LAURA STROMBERG, PRESS SECY., KINKY FRIEDMAN FOR GOVERNOR: We wont find out until Election Day whether those MySpace friends and those Facebook friends translate to votes. We're hoping that they will.

WESTHOVEN: So the big unknown is whether online support will mean real support in the election booth. Rock the Vote is taking careful note this go-round as it prepares for the presidential elections to come.

RIEMER: Social networks are here to stay. For us, this is about testing new approaches so that when the storm comes in 2008, we know what to do.


WESTHOVEN: If you think that sounds too good to be true, it's not all pro-candidate propaganda on these social networking sites. Users can also create profiles or groups explaining why a candidate should not be elected as well.

Coming up, if your portfolio had a seat belt, you'd be fastening it right now. See how the midterm elections could shake up Wall Street and the economy.

And also ahead, one politician who won't be hitting you up for a last minute contribution. Find out how Bill Bradley builds himself a life after politics.

And we want to hear about what you think about the show, about the election. Come on, you know you yell at the TV. We want to hear it. Put it in writing. Send us an e-mail right now,


FREDRICKA WHITFIELD, CNN ANCHOR: Hello, I'm Fredricka Whitfield at the CNN Center in Atlanta. IN THE MONEY continues in a minute. But first these headlines.

A stiff curfew about to be imposed in Baghdad and two other areas in Iraq. The move comes as the country awaits the verdict in Saddam Hussein's first trial. The curfew will be put into place tomorrow morning, just ahead of the expected announcement of the verdict. Hussein could get the death penalty if convicted.

More boasting from Iran as that country's military conducts a new round of war games. An Iranian general says his military now has missiles that can reach nearly 900 miles, and weapons that could penetrate advanced bulletproof vests. He made those comments to the state-run news agency.

A new call for the removal of U.S. Defense Secretary Donald Rumsfeld. This one from four newspapers read by U.S. military personnel around the world. The Army Times and its sister publication will come out for Rumsfeld's ouster in an editorial to be published on Monday.

For American voters, it's just three days until the midterm elections. In red states and blue ones, it's a frantic pace for the candidates as they head to the home stretch. President Bush on the trail today to rally his party's faithful. Polls still show the Republican Party is in danger of losing its control of Congress.

And those are the headlines. IN THE MONEY continues right now.

CAFFERTY: Well, we know whoever wins on Tuesday will be well- taken care of. Politicians tend to be very good at raising cash and the perks aren't too bad either. But how about the rest of us? Joining us now with a look at what this election might mean to all of our pocket books and to some other issues as well, Greg Valliere, who is the chief strategist at the Stanford Washington Research Group; and John Rutledge, who is the chairman of Rutledge Capital.

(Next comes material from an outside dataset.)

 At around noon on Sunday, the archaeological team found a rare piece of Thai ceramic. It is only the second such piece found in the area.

Before we start talking issues, who is going to be running the Congress on Wednesday morning, do you think?

GREG VALLIERE, CHIEF STRATEGIST, STANFORD WASHINGTON RESEARCH GROUP: Very close call, but I think the Senate stays narrowly Republican by a seat or two. The House probably the Democrats by a handful of seats. Basically, it's a tie. If you thought there was gridlock, Jack, in the last two years, just wait until the next two years.

CAFFERTY: Do you agree with that? Do you think the Democrats will have a piece of the pie at least?

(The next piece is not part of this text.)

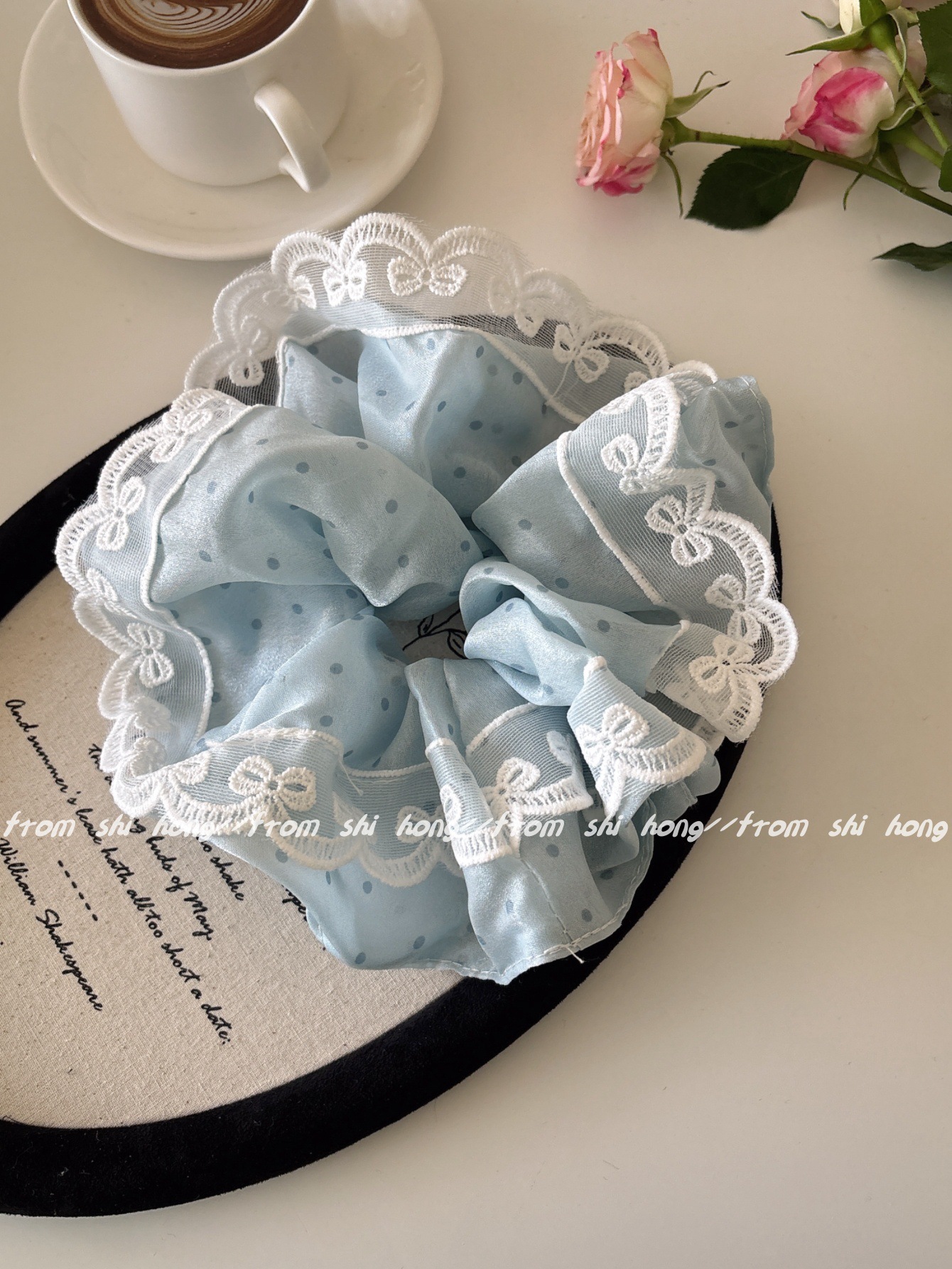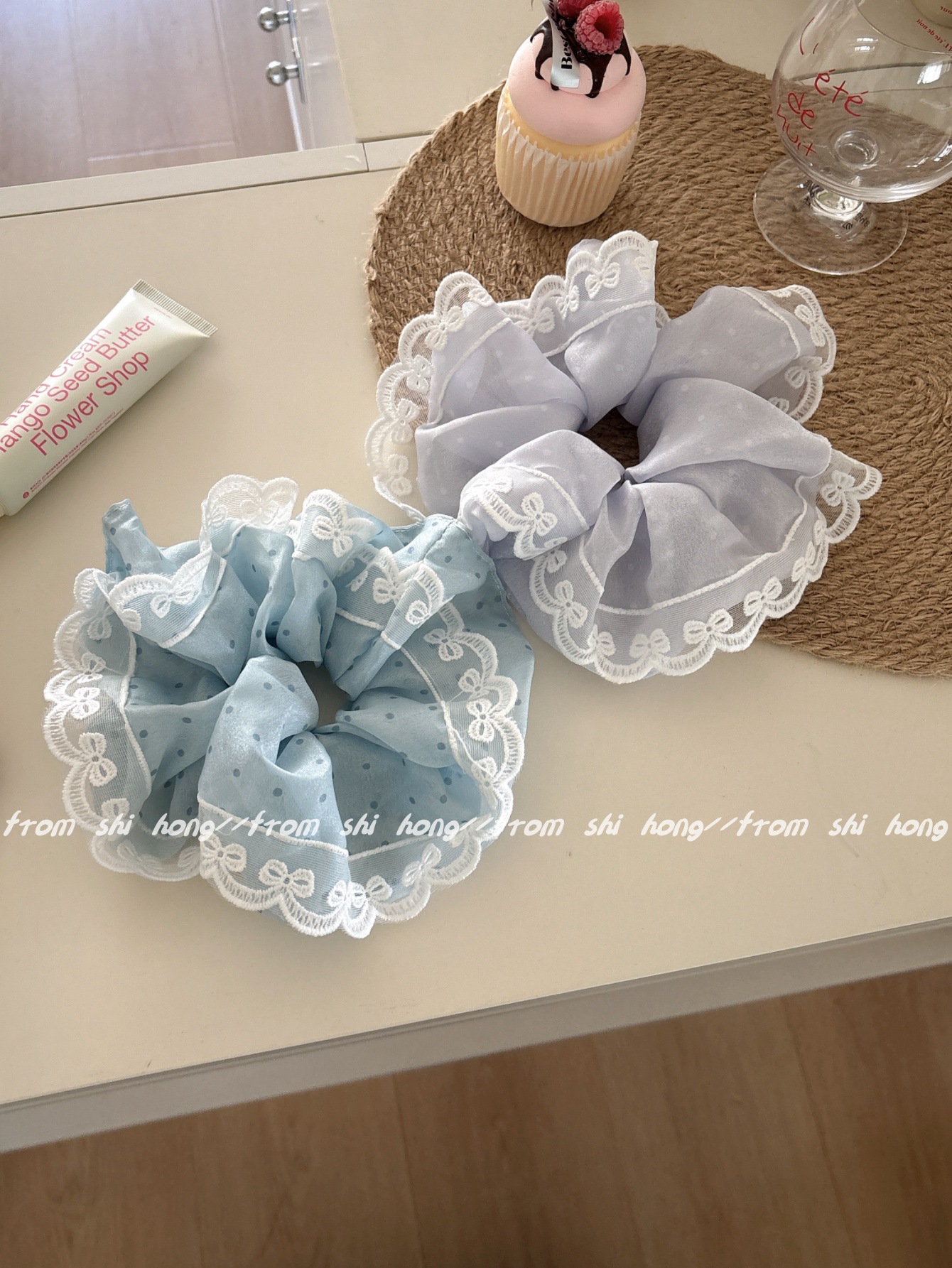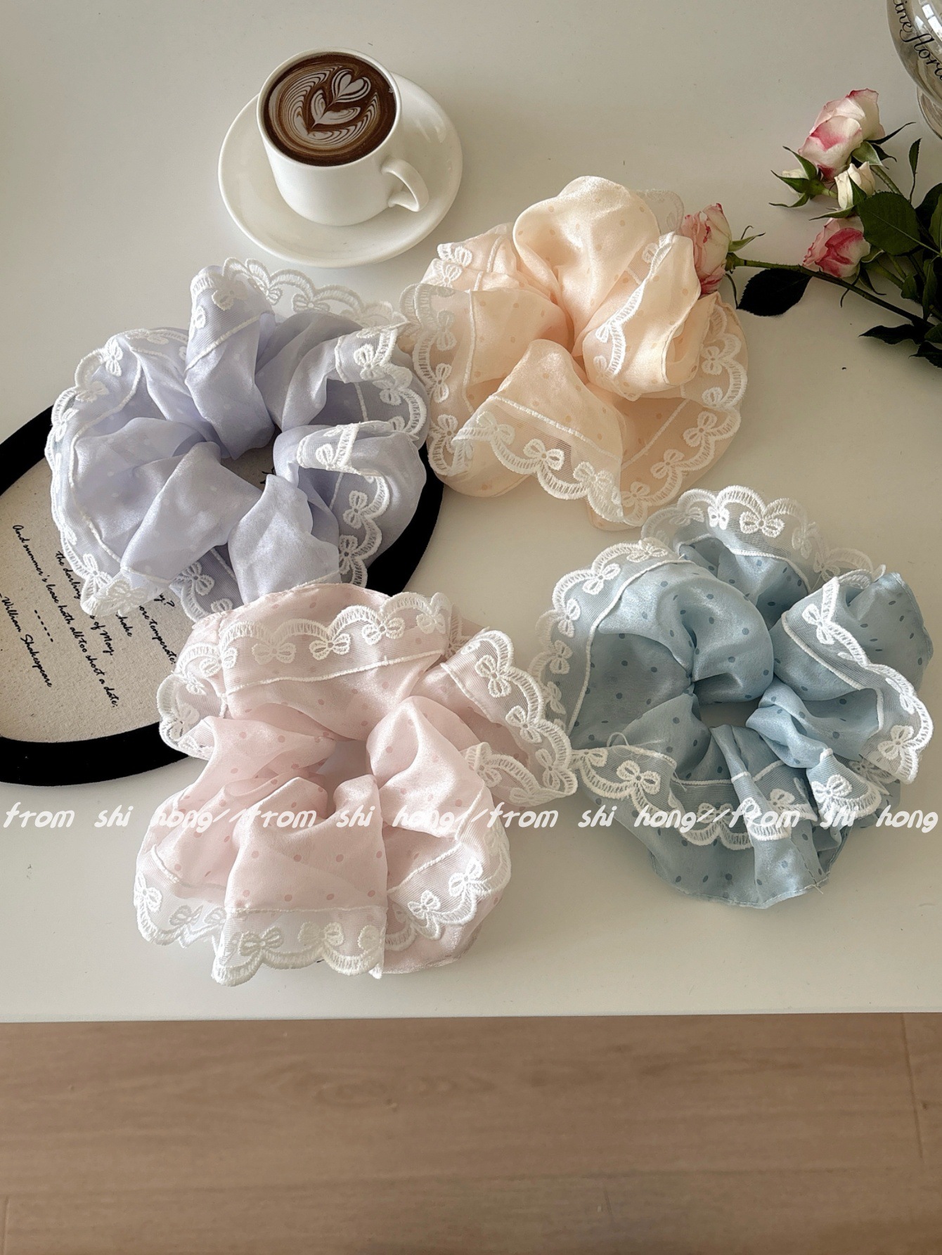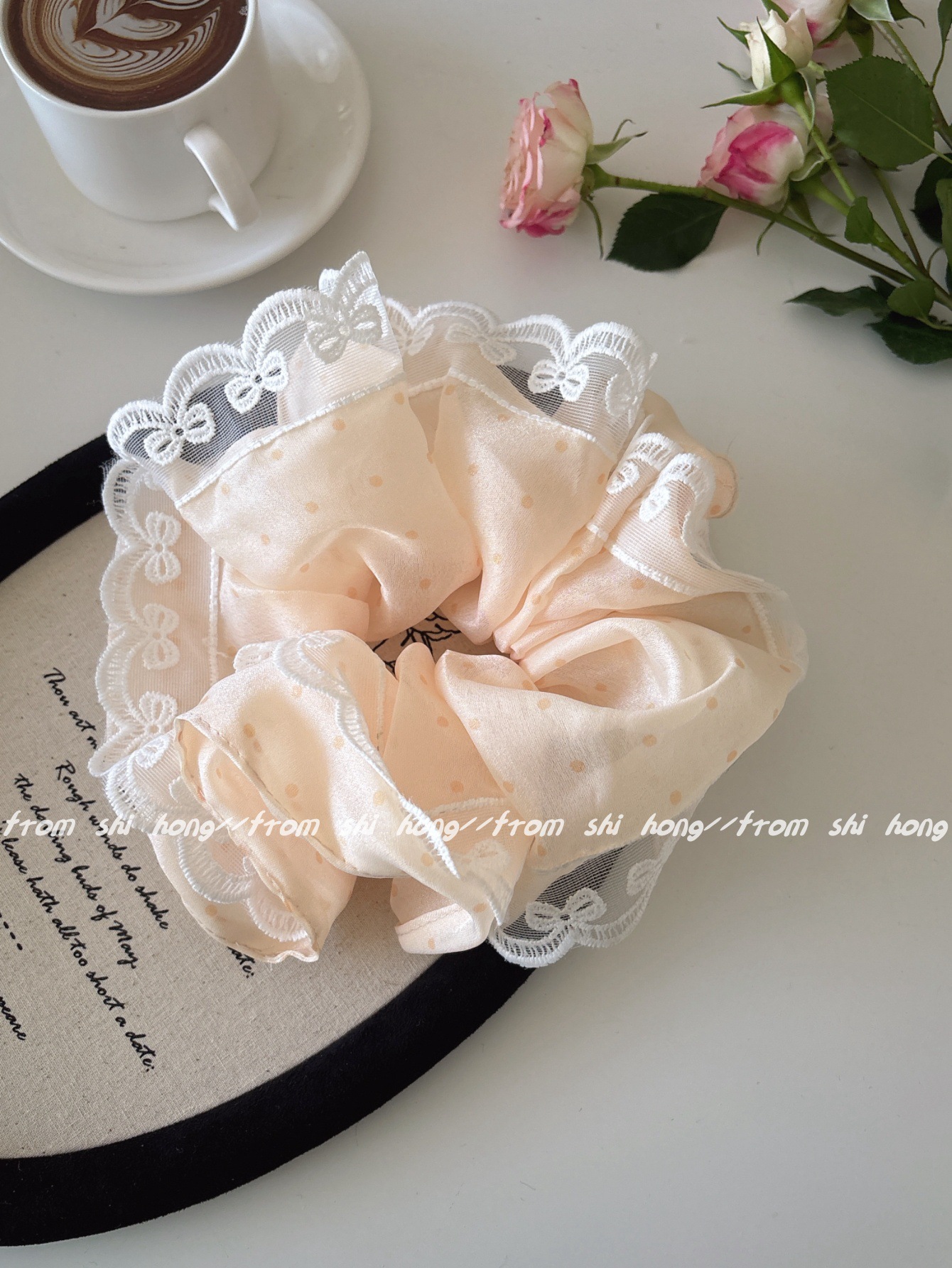 여성용 달콤한 한국식 헤어 링 헤어 액세서리 발레 윈드 웨이브 도트 더블 레이스 레이스 대형 장내 헤어 링 부드러운 헤어 로프 헤드스토어 가기

JOHN RUTLEDGE, CHAIRMAN, RUTLEDGE CAPITAL: Yes, who has been running Congress? Congress hasn't been doing anything.

CAFFERTY: Yes, well, that's a good point.

RUTLEDGE: So, yes, Dems will win the House. The Senate's up for grabs, which means you have a total standoff for the next two years. CAFFERTY: Now the stock market likes that. In the '90s, when we had a Democrat in the White House and the Republicans running Congress, everybody made a lot of money. And the market's been rallying into this election. How is Wall Street going to react, do you think?

VALLIERE: I think it's benign. I don't see a big impact. But if you were hoping to get some good stuff, Social Security reform, extending some of the tax cuts, you're not going to get anything good or bad. It's just gridlock.

RUTLEDGE: Going to be a little hard to tell, also, because we've just had enormous news about the growth of jobs, the profit numbers in the third quarter in the 20s, and so the stock market is going nuts anyway. But the issue long term I think is whether or not we keep the low dividend and capital gains tax rates. And with the Democrats controlling the House, where tax bills emerge...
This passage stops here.